▶ WHAT YOU NEED TO DO:
Every entry below should be restated word for word, except for its images.

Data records
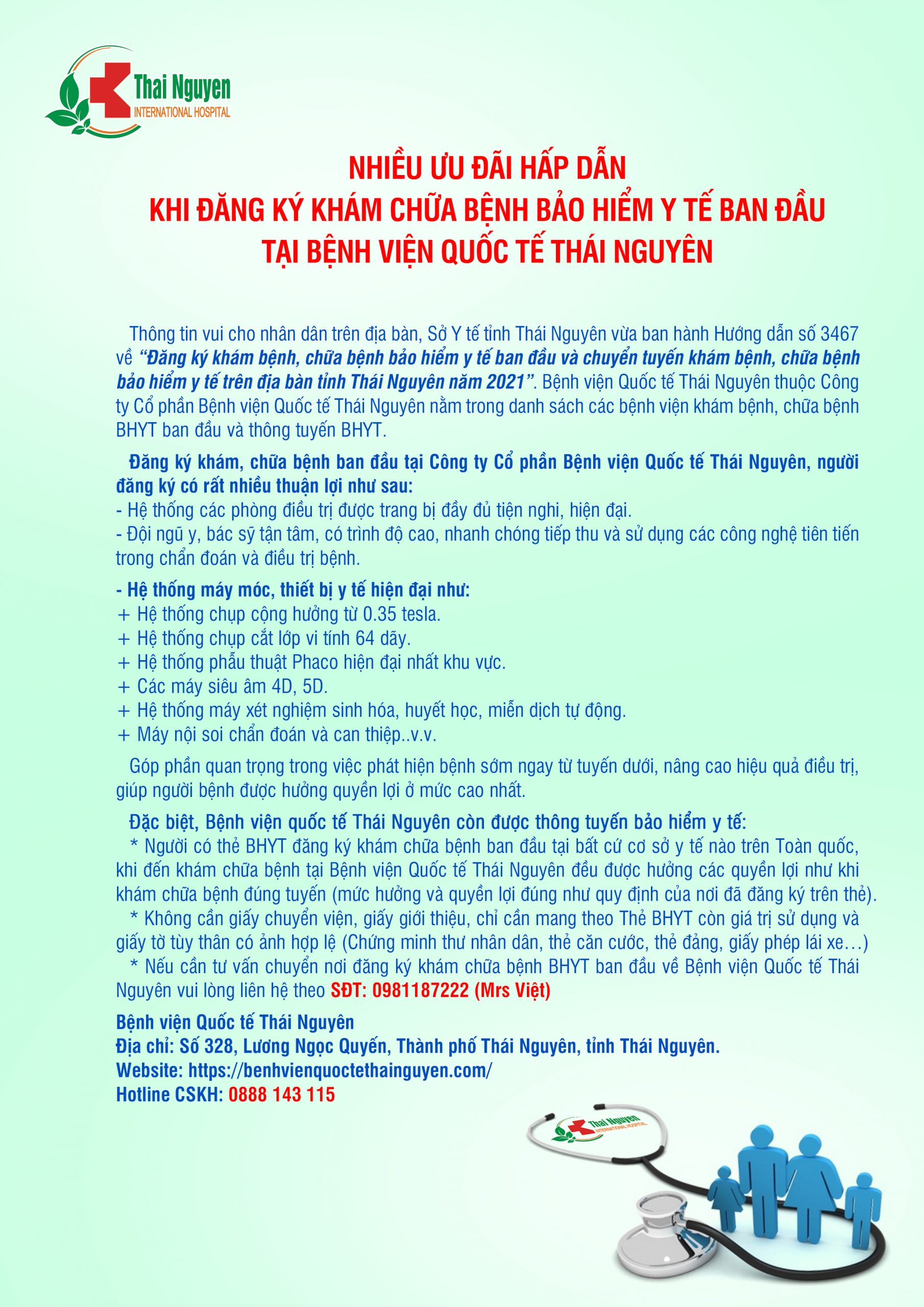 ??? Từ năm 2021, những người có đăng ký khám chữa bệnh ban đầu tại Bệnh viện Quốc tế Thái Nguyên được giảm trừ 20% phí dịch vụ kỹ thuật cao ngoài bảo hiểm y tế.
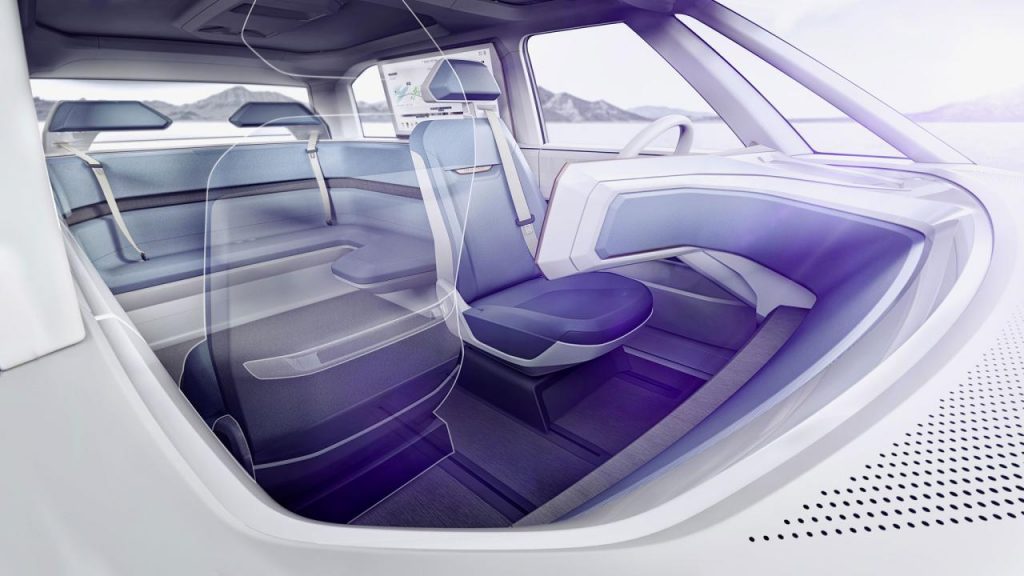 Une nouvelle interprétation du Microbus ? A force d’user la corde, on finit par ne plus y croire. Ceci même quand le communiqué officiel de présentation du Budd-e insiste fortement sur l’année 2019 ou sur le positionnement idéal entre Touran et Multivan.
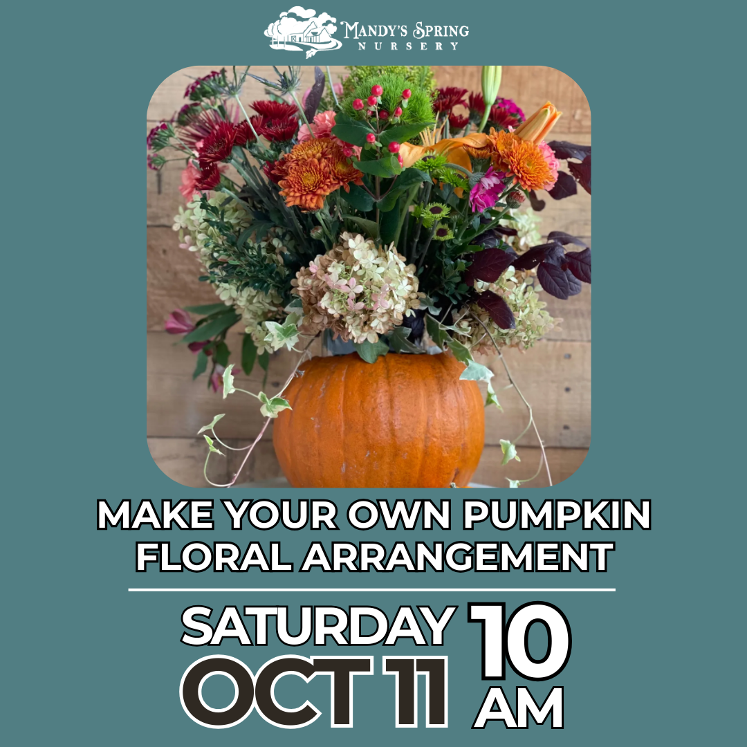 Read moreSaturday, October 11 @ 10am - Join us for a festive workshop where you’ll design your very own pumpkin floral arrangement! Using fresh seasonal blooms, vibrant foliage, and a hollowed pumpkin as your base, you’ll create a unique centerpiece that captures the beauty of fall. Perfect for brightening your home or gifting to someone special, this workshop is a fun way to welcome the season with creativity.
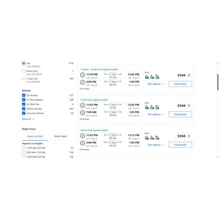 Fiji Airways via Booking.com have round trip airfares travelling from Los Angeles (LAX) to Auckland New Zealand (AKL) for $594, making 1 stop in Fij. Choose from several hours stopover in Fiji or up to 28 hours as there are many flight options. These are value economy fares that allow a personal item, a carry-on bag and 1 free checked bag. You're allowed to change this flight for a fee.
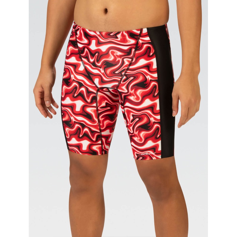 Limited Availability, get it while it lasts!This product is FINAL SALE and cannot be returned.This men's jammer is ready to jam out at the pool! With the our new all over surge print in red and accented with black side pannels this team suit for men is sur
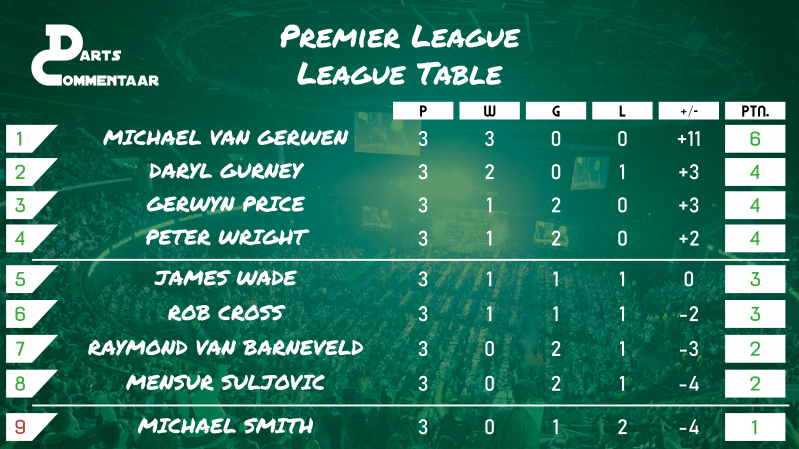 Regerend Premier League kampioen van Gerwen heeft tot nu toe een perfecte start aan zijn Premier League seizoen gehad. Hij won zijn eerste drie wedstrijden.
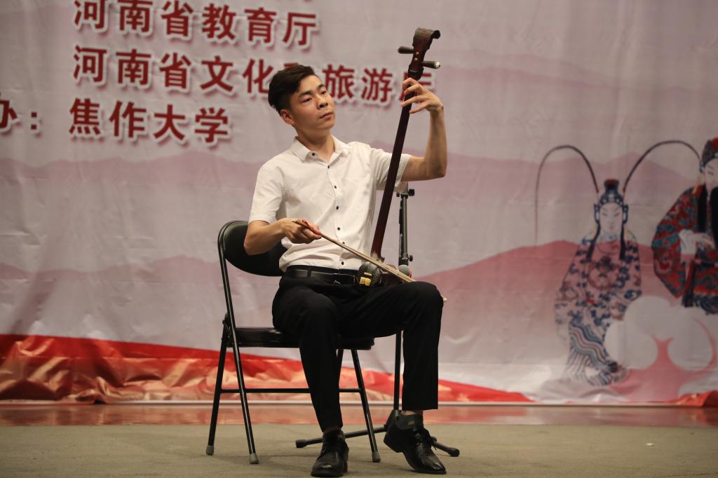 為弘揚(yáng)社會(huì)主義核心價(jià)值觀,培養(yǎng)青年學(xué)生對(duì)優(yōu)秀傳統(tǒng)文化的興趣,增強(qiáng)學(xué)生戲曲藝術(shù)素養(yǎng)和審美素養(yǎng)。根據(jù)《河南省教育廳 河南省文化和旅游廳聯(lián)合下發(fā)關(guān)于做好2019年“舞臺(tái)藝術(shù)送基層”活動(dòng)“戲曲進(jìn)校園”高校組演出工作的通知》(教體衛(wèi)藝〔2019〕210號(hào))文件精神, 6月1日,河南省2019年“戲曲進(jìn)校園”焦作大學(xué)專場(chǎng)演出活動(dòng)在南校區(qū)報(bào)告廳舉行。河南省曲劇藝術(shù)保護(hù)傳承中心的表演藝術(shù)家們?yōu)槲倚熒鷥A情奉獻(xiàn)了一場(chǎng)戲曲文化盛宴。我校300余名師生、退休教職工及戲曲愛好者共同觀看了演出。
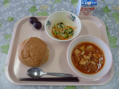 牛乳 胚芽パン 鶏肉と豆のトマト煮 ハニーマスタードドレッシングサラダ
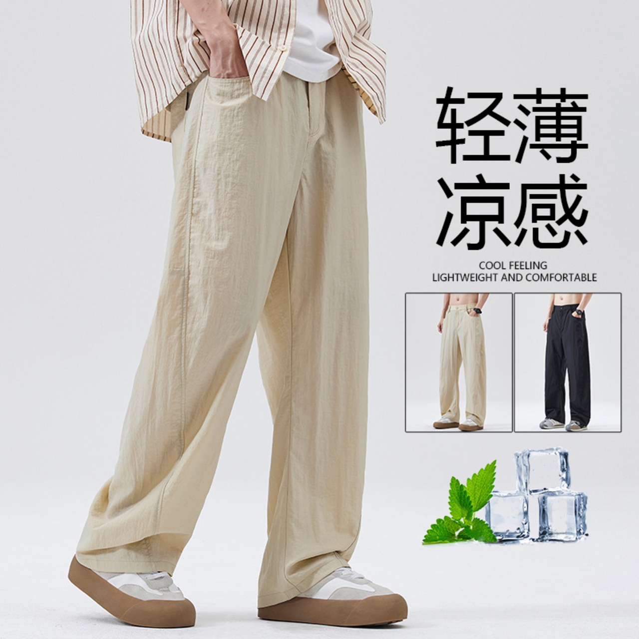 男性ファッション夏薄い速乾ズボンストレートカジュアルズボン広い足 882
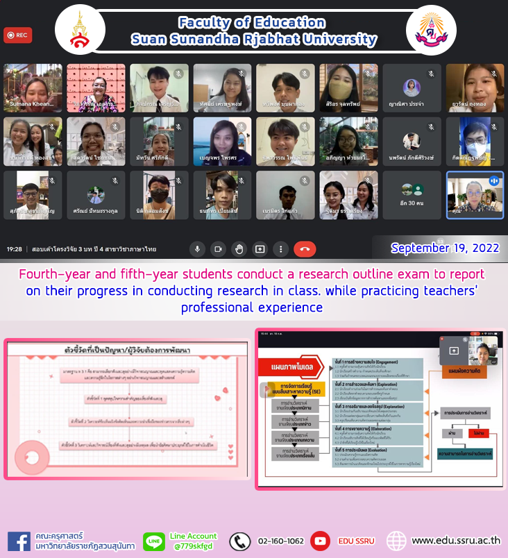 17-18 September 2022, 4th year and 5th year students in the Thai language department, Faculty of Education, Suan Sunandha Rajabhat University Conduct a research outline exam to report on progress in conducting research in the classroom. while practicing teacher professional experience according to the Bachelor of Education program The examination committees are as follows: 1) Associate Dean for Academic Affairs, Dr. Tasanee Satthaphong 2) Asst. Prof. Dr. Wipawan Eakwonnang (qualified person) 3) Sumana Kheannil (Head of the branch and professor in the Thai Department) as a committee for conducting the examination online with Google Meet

▶ EXERCISE RESPONSE:
 ??? Từ năm 2021, những người có đăng ký khám chữa bệnh ban đầu tại Bệnh viện Quốc tế Thái Nguyên được giảm trừ 20% phí dịch vụ kỹ thuật cao ngoài bảo hiểm y tế.
 Une nouvelle interprétation du Microbus ? A force d’user la corde, on finit par ne plus y croire. Ceci même quand le communiqué officiel de présentation du Budd-e insiste fortement sur l’année 2019 ou sur le positionnement idéal entre Touran et Multivan.
 Read moreSaturday, October 11 @ 10am - Join us for a festive workshop where you’ll design your very own pumpkin floral arrangement! Using fresh seasonal blooms, vibrant foliage, and a hollowed pumpkin as your base, you’ll create a unique centerpiece that captures the beauty of fall. Perfect for brightening your home or gifting to someone special, this workshop is a fun way to welcome the season with creativity.
 Fiji Airways via Booking.com have round trip airfares travelling from Los Angeles (LAX) to Auckland New Zealand (AKL) for $594, making 1 stop in Fij. Choose from several hours stopover in Fiji or up to 28 hours as there are many flight options. These are value economy fares that allow a personal item, a carry-on bag and 1 free checked bag. You're allowed to change this flight for a fee.
 Limited Availability, get it while it lasts!This product is FINAL SALE and cannot be returned.This men's jammer is ready to jam out at the pool! With the our new all over surge print in red and accented with black side pannels this team suit for men is sur
 Regerend Premier League kampioen van Gerwen heeft tot nu toe een perfecte start aan zijn Premier League seizoen gehad. Hij won zijn eerste drie wedstrijden.
 為弘揚(yáng)社會(huì)主義核心價(jià)值觀,培養(yǎng)青年學(xué)生對(duì)優(yōu)秀傳統(tǒng)文化的興趣,增強(qiáng)學(xué)生戲曲藝術(shù)素養(yǎng)和審美素養(yǎng)。根據(jù)《河南省教育廳 河南省文化和旅游廳聯(lián)合下發(fā)關(guān)于做好2019年“舞臺(tái)藝術(shù)送基層”活動(dòng)“戲曲進(jìn)校園”高校組演出工作的通知》(教體衛(wèi)藝〔2019〕210號(hào))文件精神, 6月1日,河南省2019年“戲曲進(jìn)校園”焦作大學(xué)專場(chǎng)演出活動(dòng)在南校區(qū)報(bào)告廳舉行。河南省曲劇藝術(shù)保護(hù)傳承中心的表演藝術(shù)家們?yōu)槲倚熒鷥A情奉獻(xiàn)了一場(chǎng)戲曲文化盛宴。我校300余名師生、退休教職工及戲曲愛好者共同觀看了演出。
 牛乳 胚芽パン 鶏肉と豆のトマト煮 ハニーマスタードドレッシングサラダ
 男性ファッション夏薄い速乾ズボンストレートカジュアルズボン広い足 882
 17-18 September 2022, 4th year and 5th year students in the Thai language department, Faculty of Education, Suan Sunandha Rajabhat University Conduct a research outline exam to report on progress in conducting research in the classroom. while practicing teacher professional experience according to the Bachelor of Education program The examination committees are as follows: 1) Associate Dean for Academic Affairs, Dr. Tasanee Satthaphong 2) Asst. Prof. Dr. Wipawan Eakwonnang (qualified person) 3) Sumana Kheannil (Head of the branch and professor in the Thai Department) as a committee for conducting the examination online with Google Meet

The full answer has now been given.